• _Available data_:
· · · ·

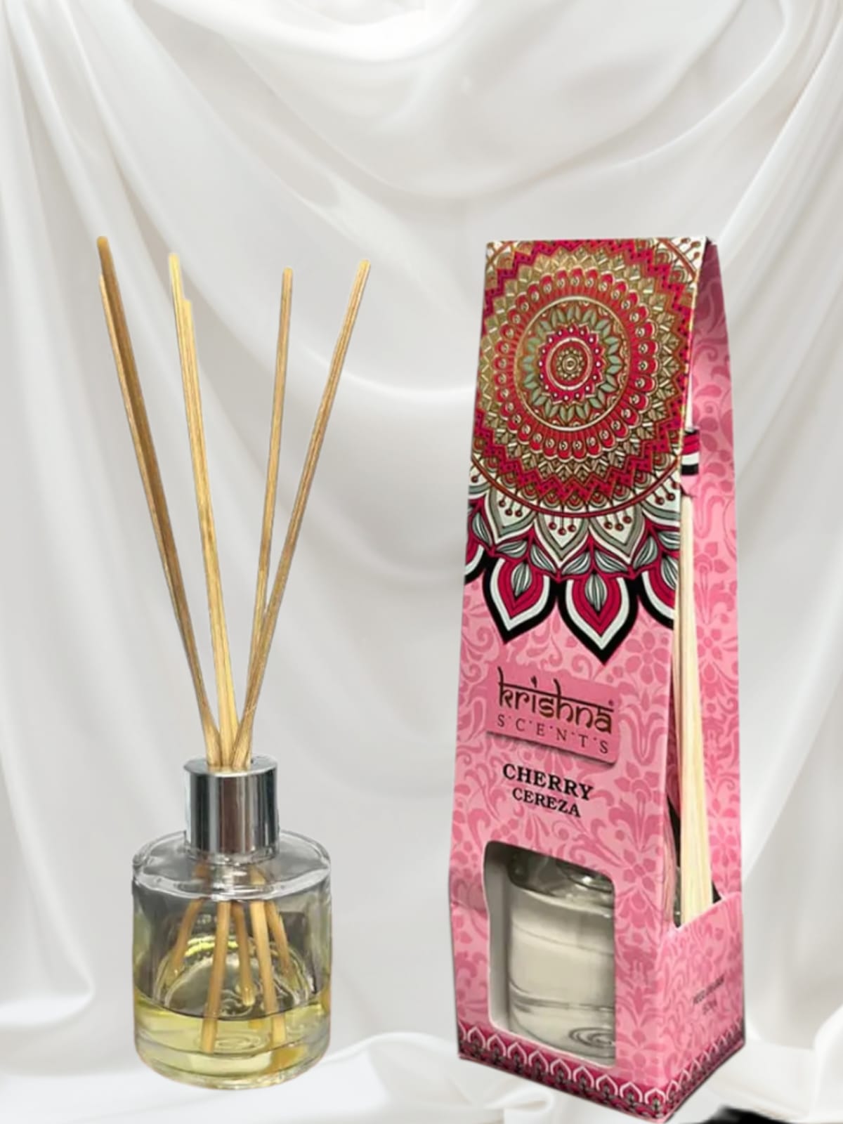 Es un aromatizador de ambiente que desprende un aroma dulce, frutal y ligeramente floral inspirado en la cereza madura. Funciona con varillas de ratán o fibra que absorben la esencia perfumada y la liberan de forma continua, llenando el espacio con un perfume suave y acogedor.
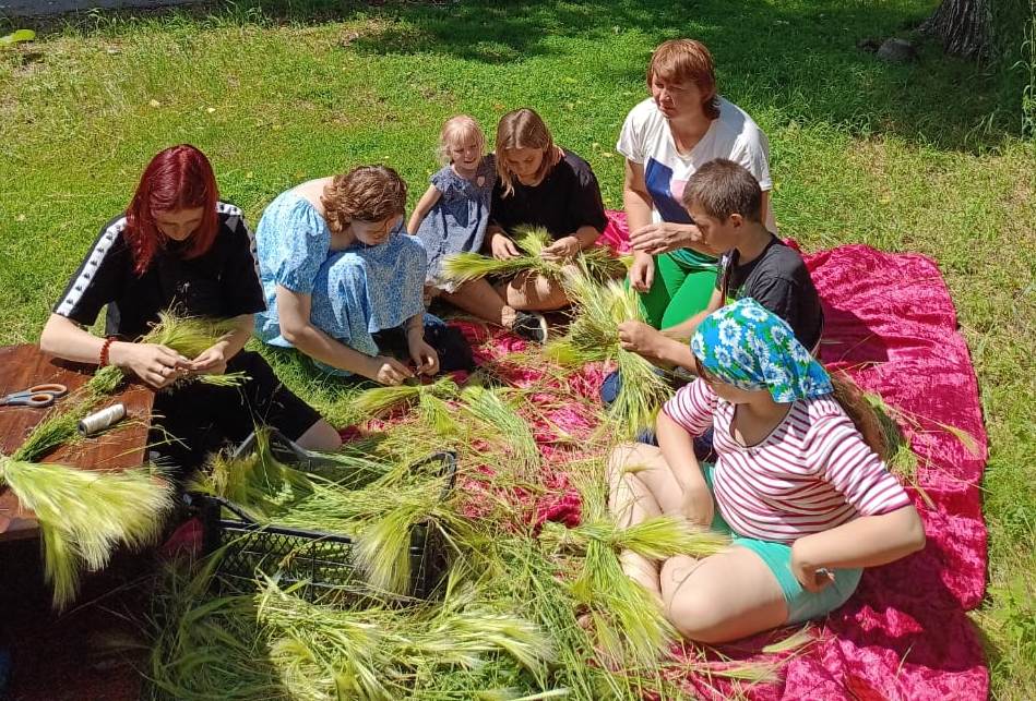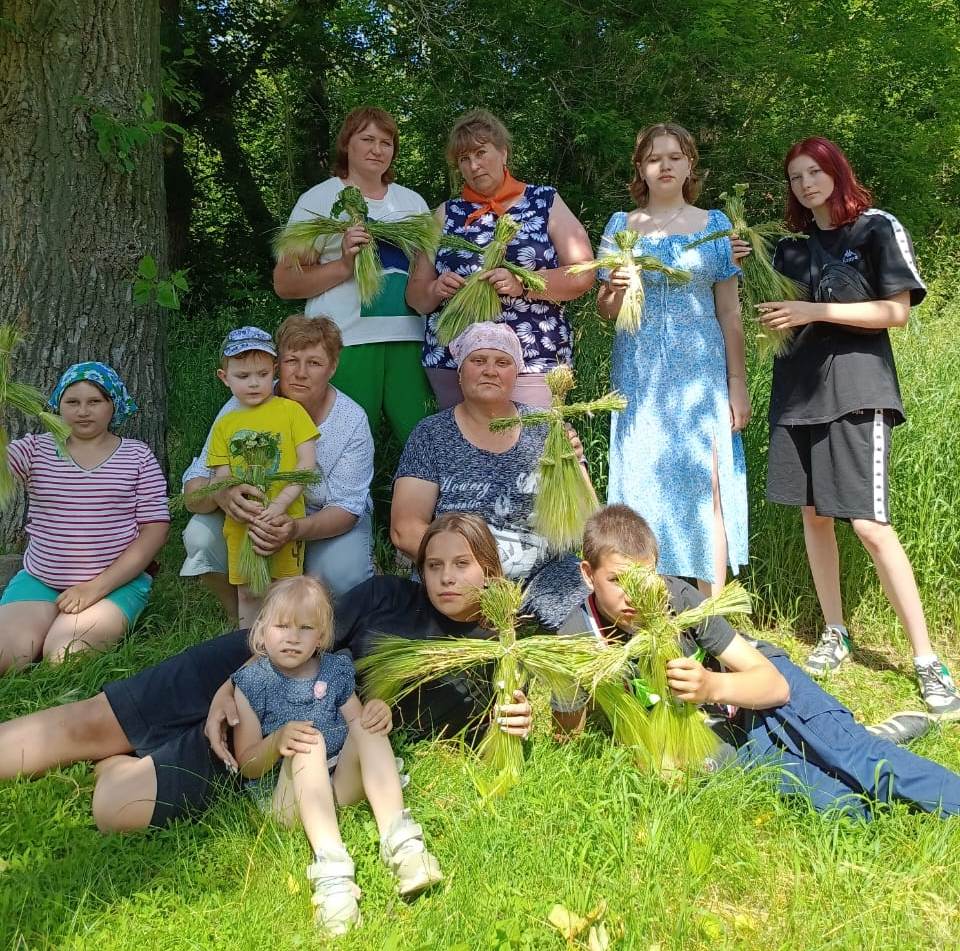 Совместное мероприятие на троицу состоялось 23 июня в 11часов. Началось с просмотра видео-презентации «Троица – зеленые святки» . ответили на вопросы викторины по теме, загадали загадки, просмотрели мультфильм «Троицин день». Дальше мероприятие продолжилось на поляне возле ДК. Траву мы нарезали заранее, расположившись на покрывале начали изготовление куклы. Мы показывали каждый этап и присутствующие все повторяли, в итоге у каждого получился оберег сделанный своими руками. Мероприятие получилось познавательным и веселым.
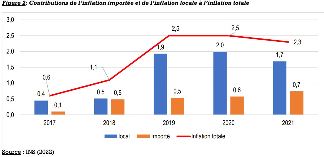 Selon le Minepat, « les données provisoires de janvier 2022, montrent que l’inflation a atteint 3,3 % en un an à Yaoundé, et +2,9 % à Douala, après respectivement +1,5% et +2,1% à la période correspondante de 2021. Il faut davantage craindre cette hausse potentielle des prix domestiques d’autant plus que la contribution de l’inflation importée à l’inflation nationale est croissante depuis 2017. »
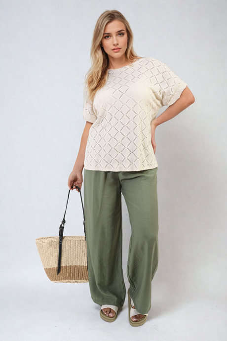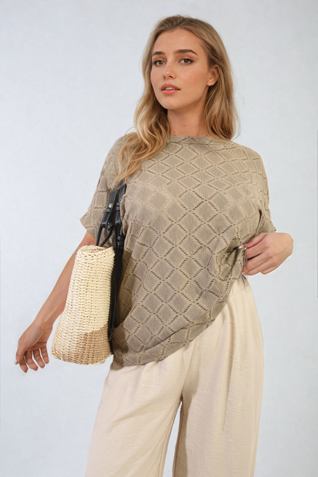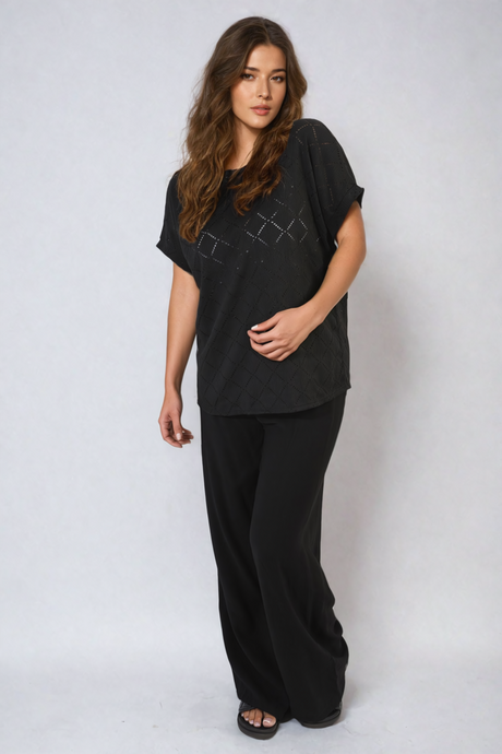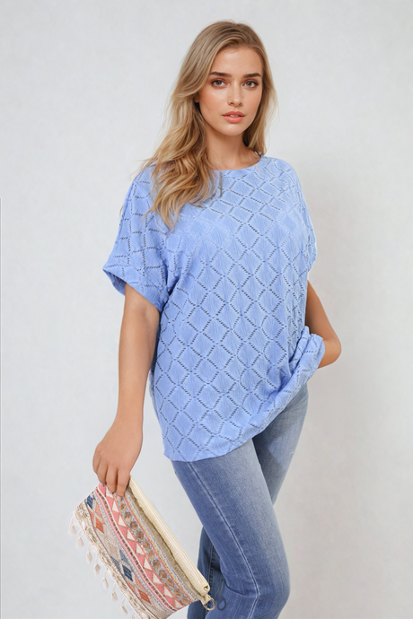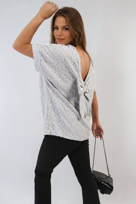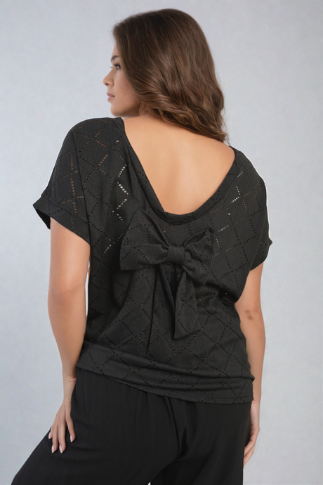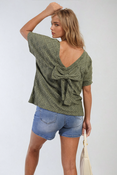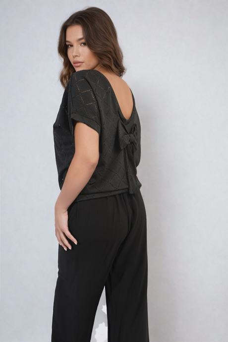 Bow Back Eyelet Details Short Sleeve Oversized Top
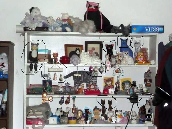 First collection, second shelf, spotted kitty in the middle and grey cat, same shelf, all the way on the right. Glass shelf collection, right side, kitty with dark brown face/legs and striped body. Second to last picture, the picture above the tall kitties, top shelf, blue or purple kitty, second shelf, the grey kitty with the pink ears and the brown one next to it.
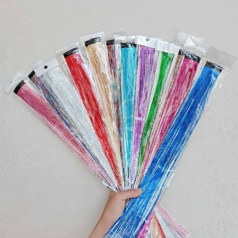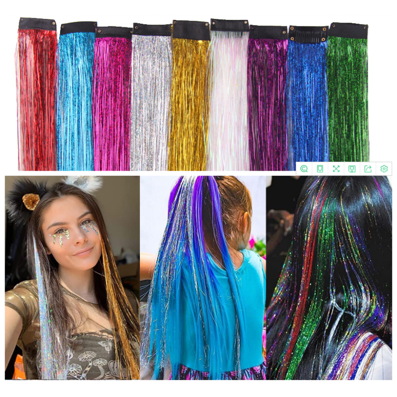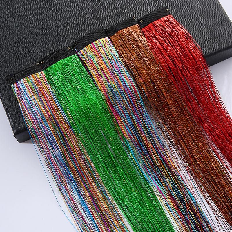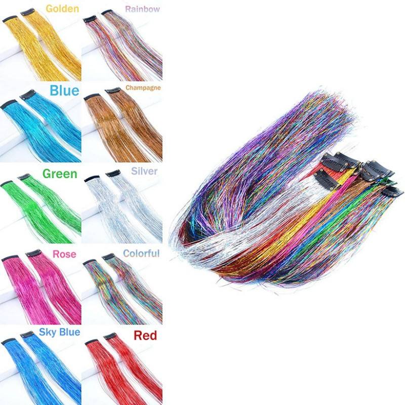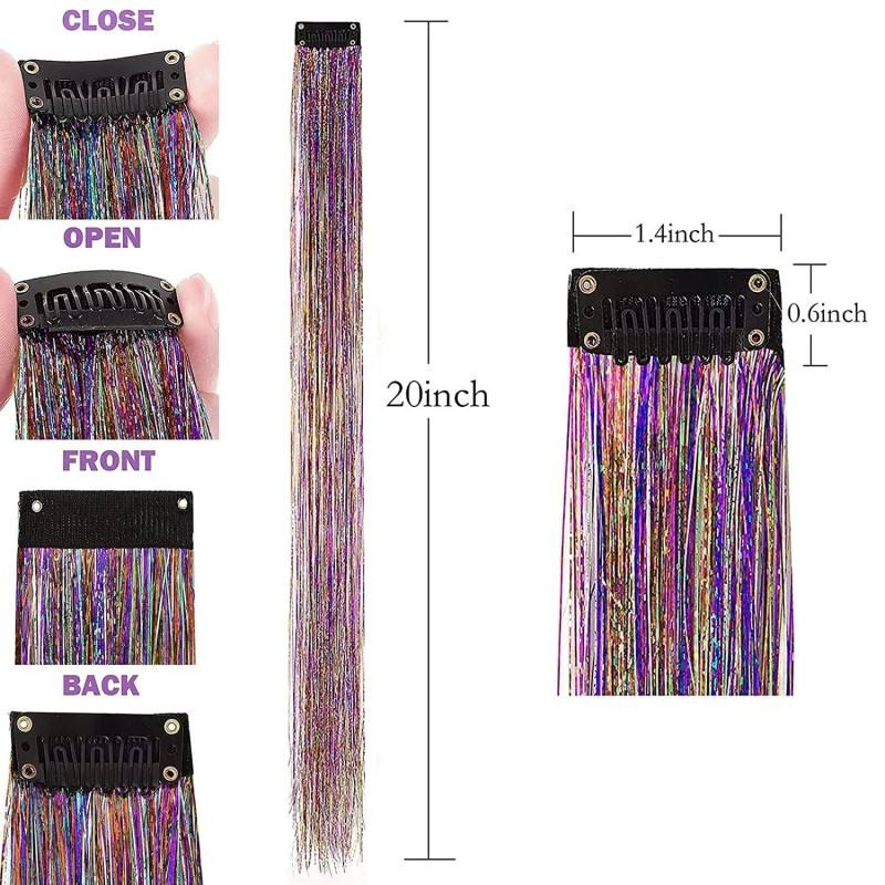 Sparkle Tinsel Clip Extensions de cheveux pour femmes Glitter Party Accessoires de cheveux Rainbow Colored Bling Hair Piece
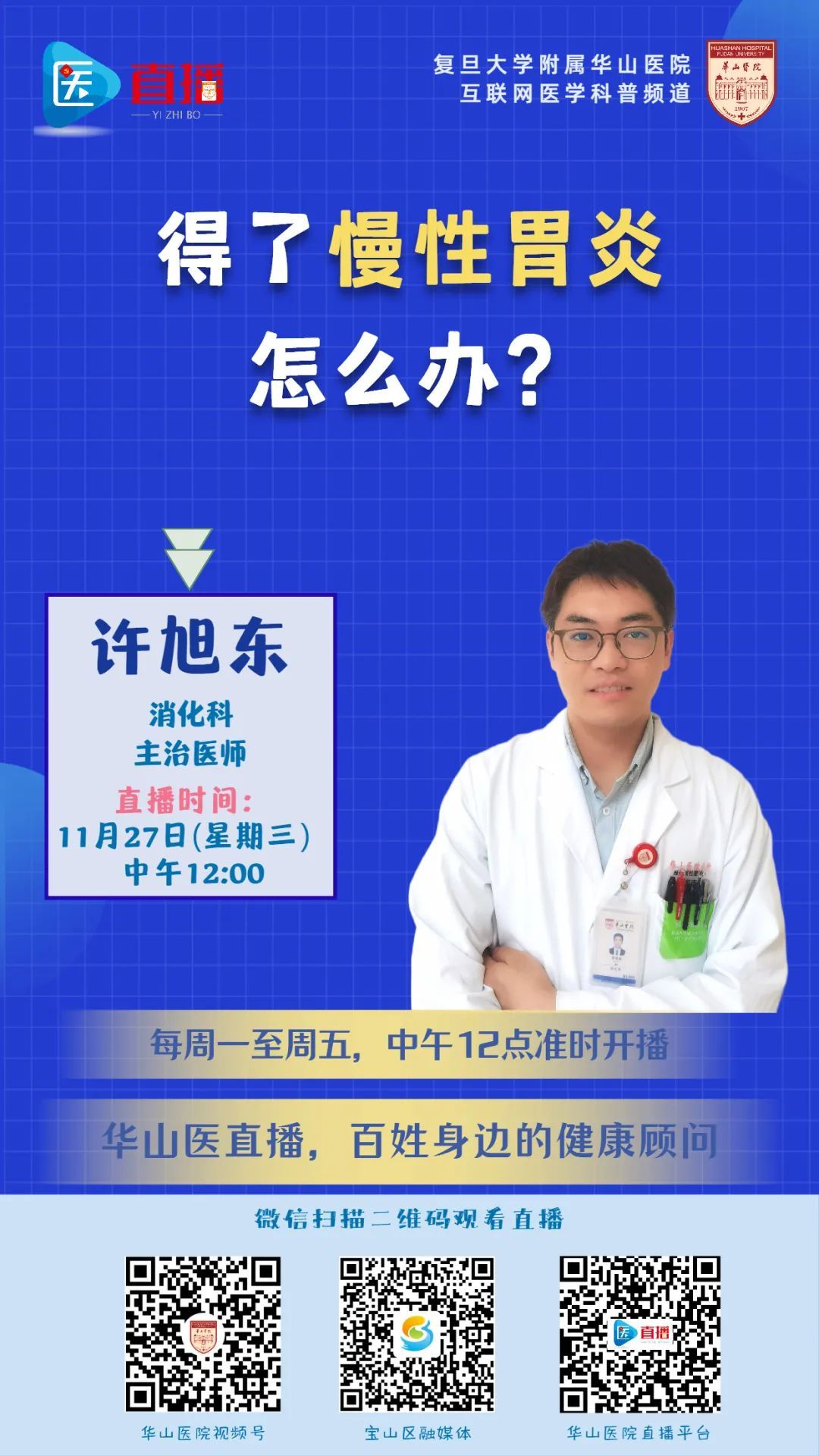 您是否也遭受“嗳气、上腹痛、餐后饱胀”等症状的困扰?幽门螺旋杆菌、萎缩性胃炎、肠化生的问题是否也让您忧思过度、彻夜难眠?本期医直播,许旭东将为您深度解析消化科的常见病——“慢性胃炎”,送您一份靠谱的“胃健康”指南。
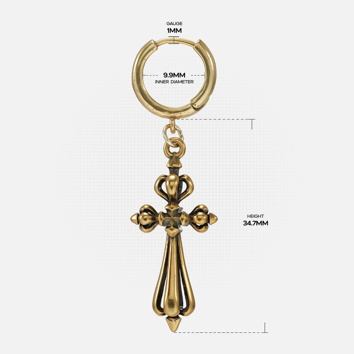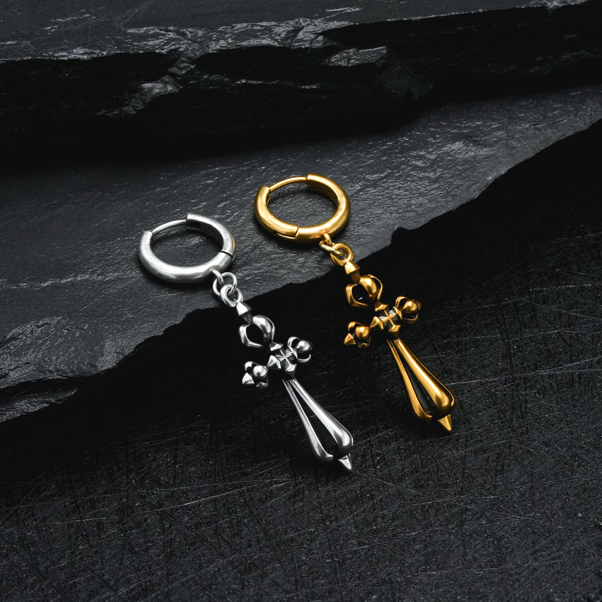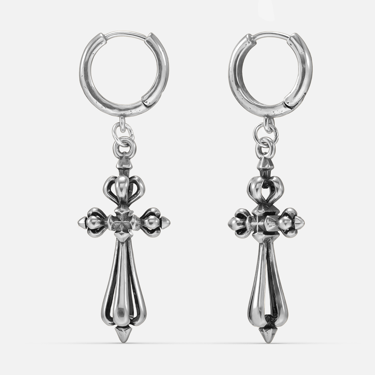 The Elegance Cross Earrings showcase a refined design with delicate curves and sharp angles, crafted from premium materials for a timeless appeal. This item is sold as a pair.
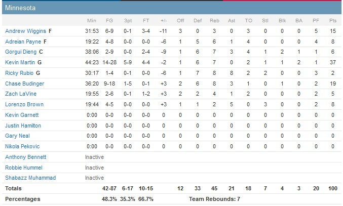 De retour après deux matchs d’absence (cheville droite douloureuse), Ricky Rubio termine à 2 points à 1/4, 8 passes et 8 rebonds en 30 minutes de jeu alors que son coéquipier Wiggins (6 points dans le dernier quart) est gêné par les fautes en première mi-temps. Chase Budinger maintient néanmoins l’espoir quasiment jusqu’au bout pour les Wolves, qui ne sont qu’à deux points 98-96 à 2″44 de la fin du match. DeRozan lui répond avec un jump shot puis Amir Johnson intercepte dans les mains de Rubio avant de trouver Lou Williams pour le layup, 102-96 à 1″27. Gorgui Dieng enchaîne avec un layup mais Greivis Vasquez va définitivement sceller le sort du match avec un 3-points réussi à 55 secondes décisif.
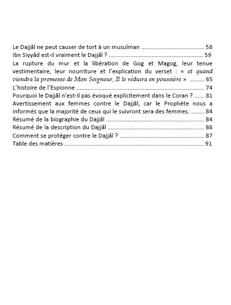 Ce livre aborde également un certain nombre de prophéties précédentes l’avènement de l’Heure. Il décrit l’époque, les lieux où se déroulent ces évènements et surtout, de quelle façon le croyant pourra s’en prémunir.
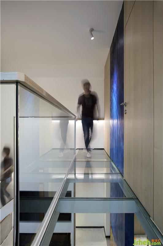 玻璃棧道結(jié)合玻璃扶手的設(shè)計(jì),裝修設(shè)計(jì)整個(gè)空間頓時(shí)充滿了時(shí)尚的鮮活氣息和形成強(qiáng)烈的視覺沖撞感。
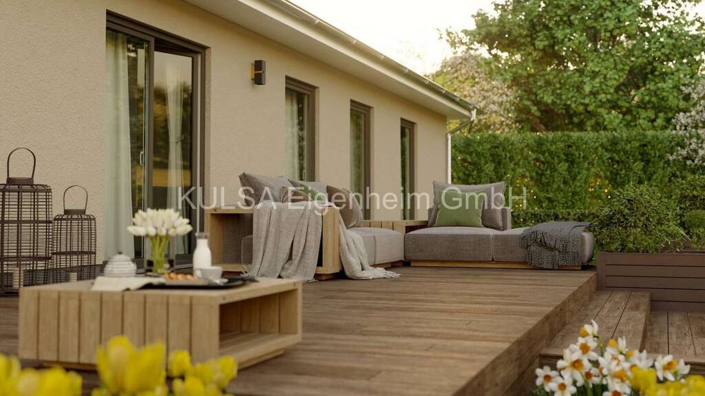 Familienleben auf einer Ebene - Der Bungalow 131 hat es in sich - 5 Zimmer, zwei Kinderzimmer und zwei Bäder - viel Wohnfläche und clever nutzbarer Stauraum für die ganze Familie. Die kluge Raumaufteilung bietet eine große Wohnküche in der Sie mit ihren Lieben Freizeit und Essen genießen können. Das traumhafte Wohnzimmer mit seinen großen Fenstern ist der perfekte Ort zum Entspannen, bietet freien Blick in Ihren Garten und mit wenigen Schritten sind Sie auf Ihrer Terrasse im Grünen.

· · · ·

Please copy exactly, and only, the lines from the one that contains "玻璃棧道結(jié)合玻璃扶" through the last line of the data above, omitting all pictures.

• _Task output_:
 玻璃棧道結(jié)合玻璃扶手的設(shè)計(jì),裝修設(shè)計(jì)整個(gè)空間頓時(shí)充滿了時(shí)尚的鮮活氣息和形成強(qiáng)烈的視覺沖撞感。
 Familienleben auf einer Ebene - Der Bungalow 131 hat es in sich - 5 Zimmer, zwei Kinderzimmer und zwei Bäder - viel Wohnfläche und clever nutzbarer Stauraum für die ganze Familie. Die kluge Raumaufteilung bietet eine große Wohnküche in der Sie mit ihren Lieben Freizeit und Essen genießen können. Das traumhafte Wohnzimmer mit seinen großen Fenstern ist der perfekte Ort zum Entspannen, bietet freien Blick in Ihren Garten und mit wenigen Schritten sind Sie auf Ihrer Terrasse im Grünen.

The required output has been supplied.